Folate is a very important B vitamin, and like B12 is critical in the body's natural abiliity to detoxify. Many get sufficient amounts of folate in their diet, and do not need to supplement. For those who do need to supplement, there are some serious questions that need to be answered.
There is an ongoing controvery and debate about folic acid, a synthetic form of folate. As many have noticed, you can switch from folic acid to the same dose in the natural form and get severely diminished results. However, many people are switching due to health concerns about folic acid.
Why is natural folate so much less powerful? Natural folate must first be converted to tetrahydrofolate before it can be utilized by the body, but this takes place in the intestines. Some people do this well and some don't at all.
With folic acid supplements, it must also be converted to tetrahydrofolate, but it takes place in the liver (in a two step process that includes methylation) and some people's bodies do this much more effectively. For those who use folic acid supplements long term, their bodies may have adapted to expecting higher than normal amounts of tetrahydrofolate. When these people stop folic acid supplementation, they feel worse off. (This may explain diminished results in part, but it could also be due in part due to the natural form being more buffered.)
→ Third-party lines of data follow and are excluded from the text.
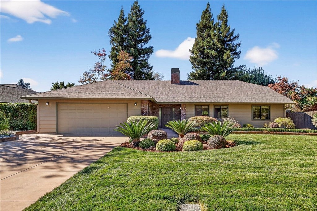 Beautifully cared for home in a desirable cul-de-sac within the peaceful Walnut Woods Subdivision. Immediately you notice the beautifully landscaped front yard and space for parking. As you enter the home you find that the family room has a wood fireplace and a stunning arched and beamed wooded ceiling. The skylights, French doors and large windows provide ample natural light. From both the Family room and dining area you look out to a gorgeous and maturely landscaped backyard haven. Also in the family room you will find a built-in storage bookshelf, with a bench seat. The kitchen has some updated touches with newer counter tops, a gas range, and an eating bar. The primary bedroom suite also has a arched ceiling, generous walk-in closet and access to the backyard. Sitting on your back patio is pure joy! From the thick, dark green lawn, to the beautiful bushes and amazing mature trees, it is incredibly peaceful and also a fantastic place for gatherings and fun. Love to garden? There is plenty of space and the awesome west Chico soil. This home has custom built characteristics, is spacious yet feels tremendously cozy. The HVAC system was replaced in April of this year, there is a septic and pest clearance and the brand new roof and fresh interior paint throughout, create the perfect shell and canvas to make this home your own. Make an appointment with your favorite Realtor today and come see the possibilities.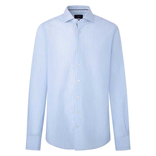 Hackett London Micro Fine Stripe herrskjorta, Vit/himmel, 36 SE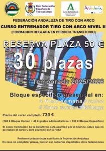 La Federación Andaluza de tiro con arco, en colaboración con la Real Federación Española de Tiro con Arco (RFETA) y el Instituto Andaluz del Deporte, convoca un Curso Monitor de Tiro con Arco Nivel II.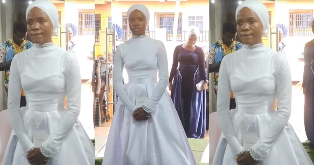 A bride wearing a modest wedding gown that completely covered her body, exposing only her face and hands, was seen coming down the aisle in an internet video. She held a Bible instead of the customary bouquet of flowers, demonstrating her strong religious beliefs.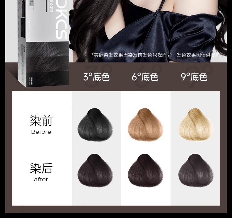 | Special makeup product name | Okcs jingcai hair color cream-gothic cold black |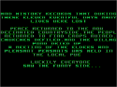 El sonido no es especialmente llamativo. Cuando carga el programa se escucha, a modo de presentación, una «música» que juzgo totalmente horrenda. Durante el juego los efectos se limitan a los típicos estallidos y el sonido de los disparos. A pesar de ello, toda la parafernalia sonora acompaña perfectamente a la acción y, la verdad, no se echa de menos una mejor realización en este punto. Lo único realmente criticable es, a mi modo de ver, la terrorífica canción del juego, pura mezcla de pitidos y ruidos extraños.
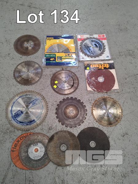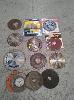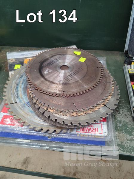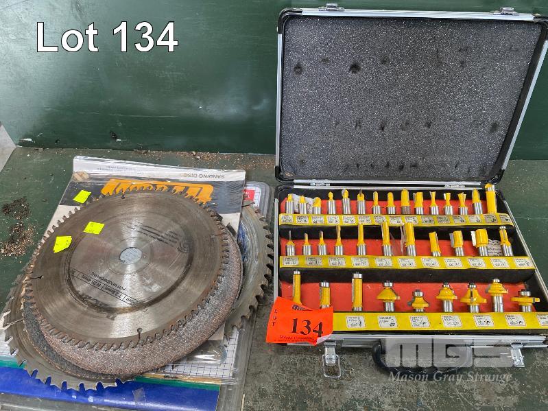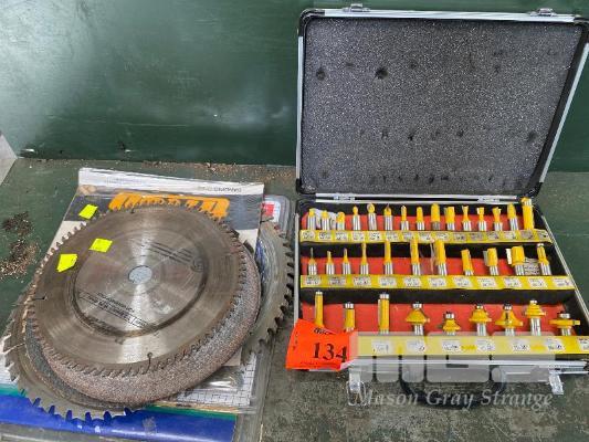 ASSORTED BENCH SAW BLADES, CUT-OFF DISCS AND SANDING DISC & SET OF ROUTER BITS IN CARRY CASE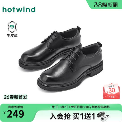 热风男鞋2026年春季新款男士时尚休闲单鞋黑色德比鞋商务正装皮鞋
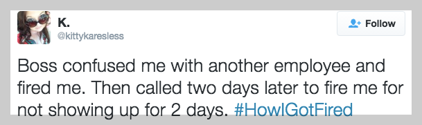 사장은 나를 다른 직원과 헷갈렸고 나를 해고했다.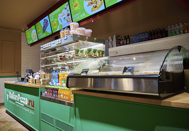 Светлая, просторная пиццерия всегда вас встретит ароматом горячей пиццы и свежесваренного кофе. Также в нашем меню представлен широкий выбор блюд азиатской кухни: роллы, воки, онигири. Дети смогут весело провести время в детской комнате, насладиться вкусом картофеля фри или сырных палочек.
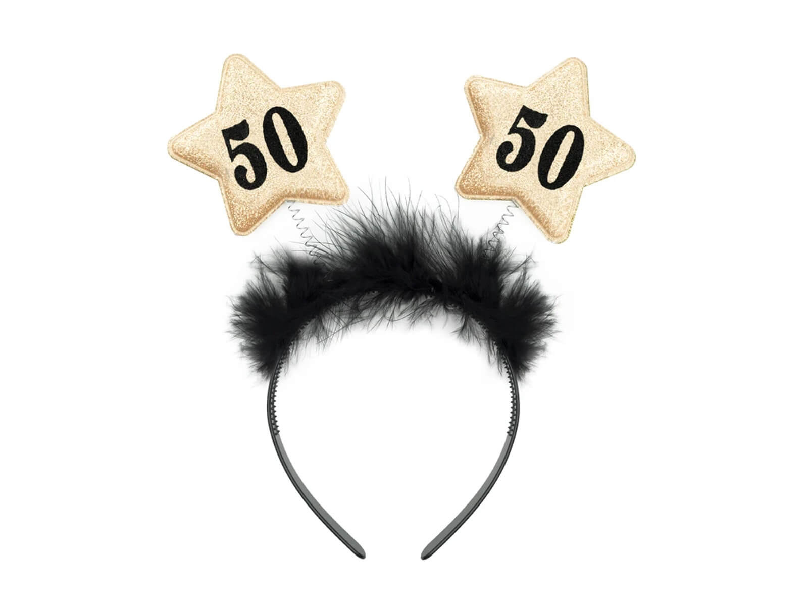 Vă apropiați de a 50-a aniversare sau organizați o petrecere pentru o persoană dragă? Dacă da, avem accesoriul perfect pentru tine pentru a adăuga strălucire acestei ocazii speciale! Bentița noastră neagră pentru a 50-a aniversare cu blană și stele aurii va face bijutierul să arate nu numai elegant, ci și absolut memorabil!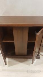 Credenza in legno con 2 ante apribili con serratura con chiave e anta centrale fissa. Un ripiano interno, capiente. H 85 P 37 L90.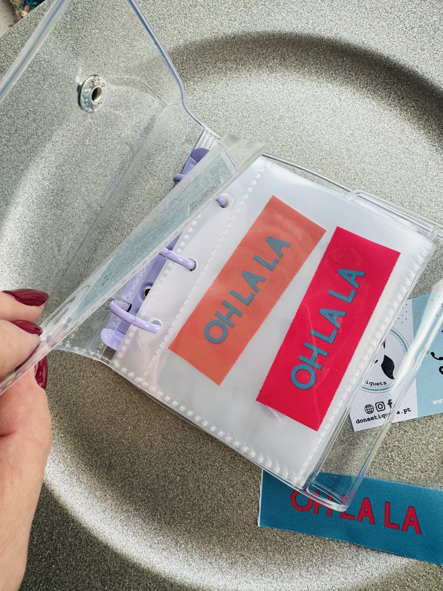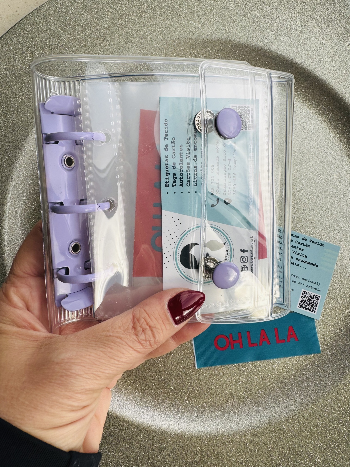 A mini capa é feita de plástico PVC flexível e transparente, permitindo que o conteúdo interno seja visualizado.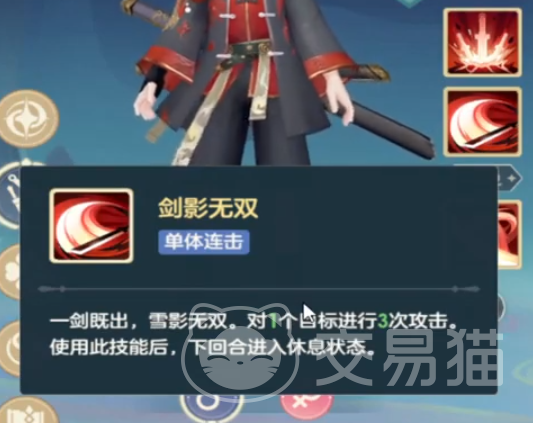 二技能是剑影无双,这个技能是剑歌的核心技能,他是一个对单的技能,效果是对一个敌人造成3次物理伤害,这个伤害每一次都会比上一次更强一点,在使用了技能之后,我们在下一回合会需要休息一回。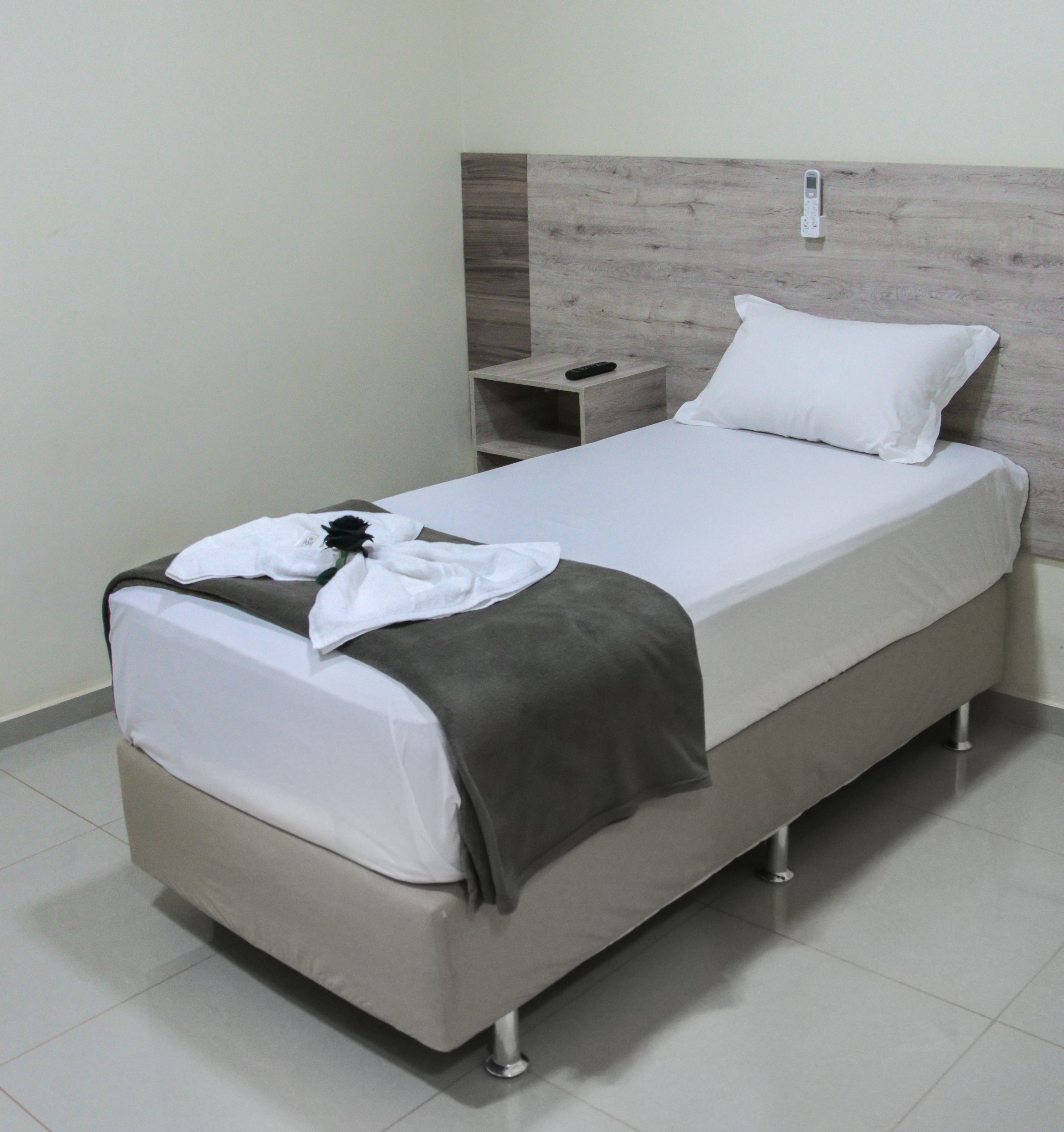 Suíte de grande charme, com todo o conforto que você merece. TV, frigobar, ar-condicionado e a mais bela vista da cidade. Conta com uma cama de solteiro.

Combine all of this with the fact that some people are very poor at converting either form. Unconverted folic acid accumulates in the bloodstream and negatively impacts cognition among other things. In this case the synthetic form especially becomes a problem because it is taken in higher doses than is found naturally.
Thus, it is quite a complicated mess. For poor converters, they will feel relief by avoiding folic acid but that does not mean their bodies don't need more tetrahydrofolate; it is just that folic acid is not the best path for them in particular.
Methylfolate is the methylated form of folic acid and for some poor converters it is deemed helpful. The reason is because they have trouble with methylation, and by providing a methylated form their body is being given a methyl donor. Methyl donors are able to ease brain fog in persons with poor methylation ability, and it may have little to do with the folic acid component.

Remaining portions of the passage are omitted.